Sangre de gato

Entró en mi pequeño despacho retorciéndose las manos y mirando a todos lados como si temiera que alguien lo viera allí. Se relajó en cuanto vio mi vieja y sonriente cara. No hizo falta que hablara mucho para saber cuál era su anhelo. Le aseguré que si seguía las instrucciones podía conseguir cualquier deseo que tuviera. Aquellas palabras siempre hacían brillar las pupilas de los clientes. Unas monedas por ayudarte a conseguir lo imposible.
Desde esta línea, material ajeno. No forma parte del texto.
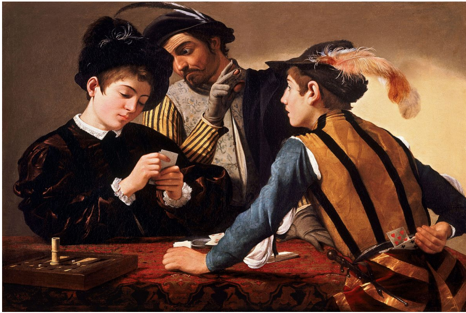
Le Caravage, Les tricheurs

Al marcharse vi cierta malicia en sus ojos.
Escribió el conjuro con la sangre del gato del vecino tal cual le había aconsejado. La sangre es siempre un buen sellador de pactos. Se colocó en el centro de la sala y leyó las palabras de forma concisa y pausada. La última frase la articuló elevando más la voz: «deseo la perdición de mis enemigos». Así concluyó el ritual. Abrió los ojos despacio como si temiera encontrarse con un monstruo. Pero nada parecía haber cambiado, salvo por el sonido de unos pasos lejanos que le erizaron la piel. Sus piernas flaqueaban al tiempo que las pisadas se iban haciendo cada vez más audibles. Cayó al suelo. Miraba a su alrededor con el terror del que se sabe a las puertas de la muerte. A esas alturas su respiración era ruidosa y lenta. Se recostó bocarriba en el suelo. En esos momentos todos intentan entender por qué les sale mal si han seguido las pautas de la anciana al dedillo. Si además ella les aseguró que ningún deseo ni pacto es rechazado, que no hay peticiones imposibles. Suele ser con el último aliento cuando sus cerebros les hacen comprender que su peor enemigo son ellos mismos y que siempre hay una forma de darles la vuelta a los deseos. En cuanto estuve a su lado apoyé una de mis pezuñas sobre su pecho, al verme en mi verdadera forma comprendió que su alma me pertenecía.